Polish your summary section

This is the most prominent, and important element in your profile. Don’t leave it blank, or simply list your work experience. Write a sentence for each of your major successes; mention the principles and ideas that really motivate you. Back your claims up with quantifiable facts where you can, (e.g “increased click-through by 60%” or “reduced staff turnover by half”) and make sure to include any major qualifications or accolades you have received. This is also a great place to mention if you learned English for your international career. Recruiters and employers looking for bilingual employees will see this section first, and mentioning language skills may encourage them to read on.

 

Create a custom URL

When you register with LinkedIn, it automatically assigns you with a URL that contains a combination of numbers and letters. But it’s possible to edit your URL so that it includes your name – this way when an employer (or anyone for that matter) Googles your name, your LinkedIn profile will be one of the top results. This makes you more visible to future employers and recruitment agencies.

 

LinkedIn URL
Try not to get too creative with your URL; you want to make sure it looks professional

 

Build your recommendations

Recommendations will convince employers that you’re not just a wannabe – you really can deliver on your claims. If you have worked closely alongside a colleague or employer, then offer them a recommendation for one in return. Choose a particular skill that you would like to highlight and remind your contact of times you have demonstrated that skill.

If you feel uncomfortable asking colleagues for recommendations, try writing recommendations for them without being asked. It is likely that they will return the favor out of courtesy.

 

Build a strong network of "connections"

LinkedIn will automatically invite contacts to connect with you. However, we suggest you deselect this option. While it may help you to build a lot of contacts, it is likely that there are people in your contacts who aren’t going to be helpful to you and may even detract from your professional image. Instead, use the search function to manually search for connections. Once you have made your selections, LinkedIn will then suggest similar people.

Spend some time writing personal, tailored messages to each person that will explain why you would value them as a connection – they’re much more likely to respond to your request.

 

Be active in LinkedIn groups

Similar to fan pages on Facebook, LinkedIn has a “group” function that allows members to connect around a common interest or area of experience. This is a great way to build your network and increase your recommendations, so whether it’s an alumni group from university, or an industry specific group, join in and start a conversation.

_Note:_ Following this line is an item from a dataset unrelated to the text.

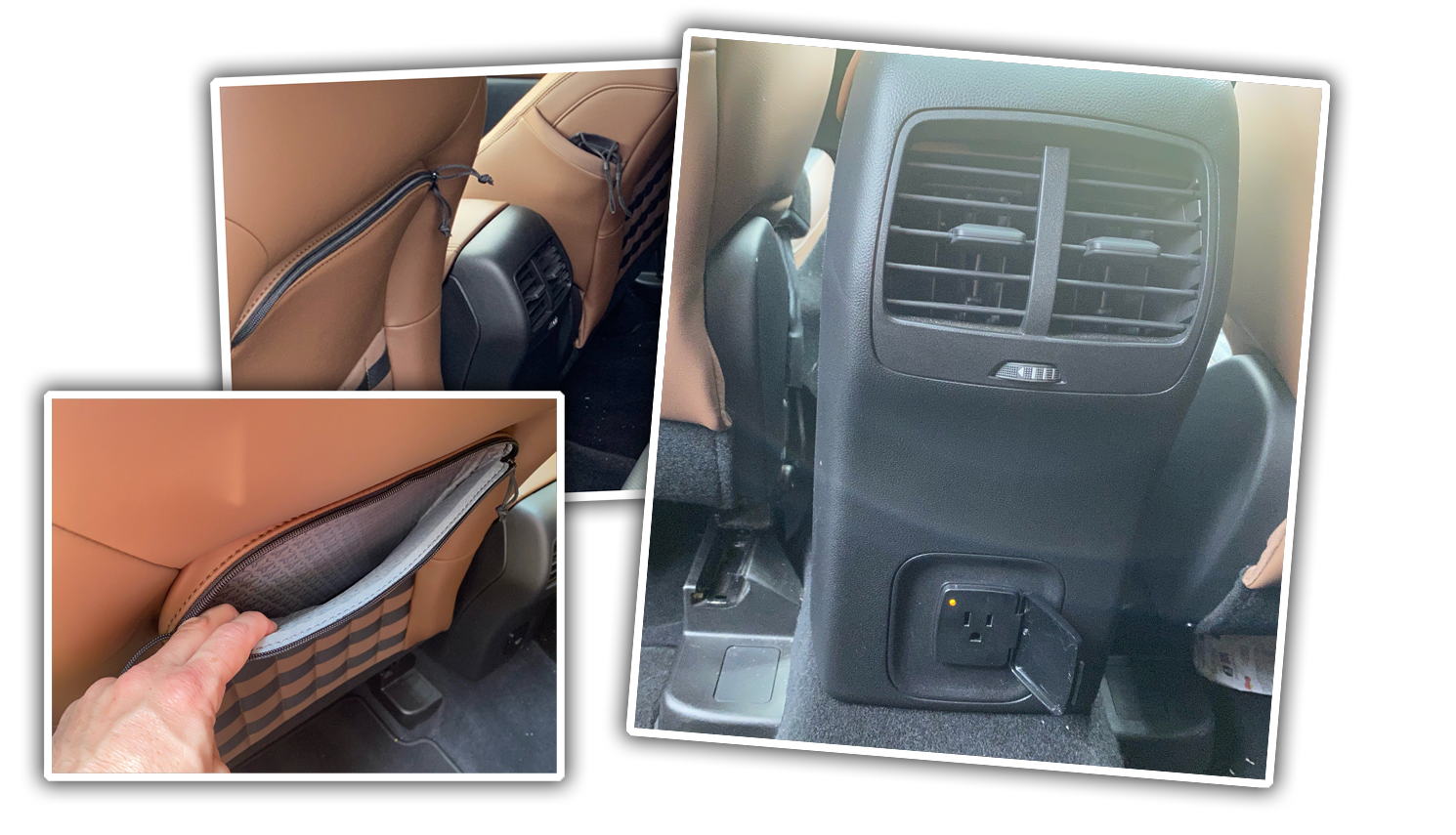 The seats are comfortable, and have handy little side pockets and even a zippered pouch on the backs of the front seats for laptops or tablets. Also, there's a 110V wall-type power outlet in the rear under the rear HVAC vents so you never have to go on a road trip without a working Vegimix ever again.

The more groups you join, the more you can network with like-minded professionals – but you do have to be active within a group to reap the benefits. When possible, try to offer a valuable input to the discussion that will benefit other people and demonstrate your passion for your chosen industry.

 

LinkedIn groups
Connecting with friends from old jobs or university is a great way to discover new companies and vacant positions

 

Include Keywords

When recruiters and employers search LinkedIn, they use industry specific keywords to refine their searches. For example, if an employer is looking for a marketing assistant, they are likely to search keywords such as “marketing,” “SEO” and “optimization” to drive them towards professionals that are skilled in this area. Visit the careers page of companies that you would like to be employed by, and pick keywords that are used in their job descriptions. Work these words into your profile – but remember to be subtle about it! It needs to look natural.

 

Publish, and see where you end up!

Once your LinkedIn profile is complete, proofread it for spelling, grammar and accuracy – and then read it through again, trying to judge whether your headline is attention grabbing, your summery is interesting, honest and easy to read, and whether your personality comes across. If you're happy with it, ask a colleague or mentor-figure to look it over and see if it conveys the message you want.

Now your LinkedIn profile should be a compelling portrait of who you are, and what you can bring to your next role.